As expected, a history of anxiety and depression largely contributed to the “psychological” dimension. Relationships with employers and co-workers, categorized as professional factors, also contributed to this dimension. Indeed, these variables could reflect more general behavioral attitudes with others than specific work-related attitudes.
The “health-related” dimension was the least important in this sample. This dimension concerned previously identified medical risk factors such as pain intensity or presence of sciatica at the onset of the current episode of low back pain, initial limitation of ADL, history of recurrent low back pain, absence from work due to low back pain before the current episode and history of lumbar spine surgery.

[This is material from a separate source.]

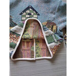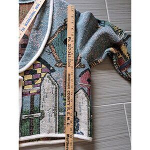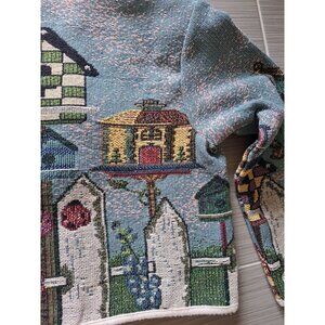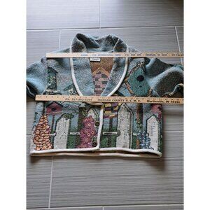 Vintage Sugar Street Weavers Birdhouse Tapestry Knit Cardigan Jacket Women's XL

For the nonworking patients, multiple correspondence analysis revealed that general practitioners’ poor opinion of their patients’ general health status represents a dimension by itself. Poor general health status has already been reported as a risk factor of severity in several pathologic situations, but this is the first report to describe the contribution of this risk factor in terms of other risk factors. As was observed for working patients, for nonworking patients, the second and third dimensions were the “psychological” and “health-related” dimensions, with history of anxiety and depression largely contributing to the “psychological” dimension.”
The results shed light on the interrelation and respective contribution of several previously identified risk factors for chronic low back pain. They suggest that risk factors representing a “work-related” dimension are the most important risk factors for chronic low back pain in the working population. Among these factors, patients’ job satisfaction and job recognition largely contribute to this dimension and must be considered in prospective studies. Such feelings about professional conditions in low back pain patients should be systematically recorded and taken into account by professionals. As previously recommended by the European guidelines for the management of low back pain, educational and behavioral therapy programs on these topics should be proposed and evaluated in chronic low back pain.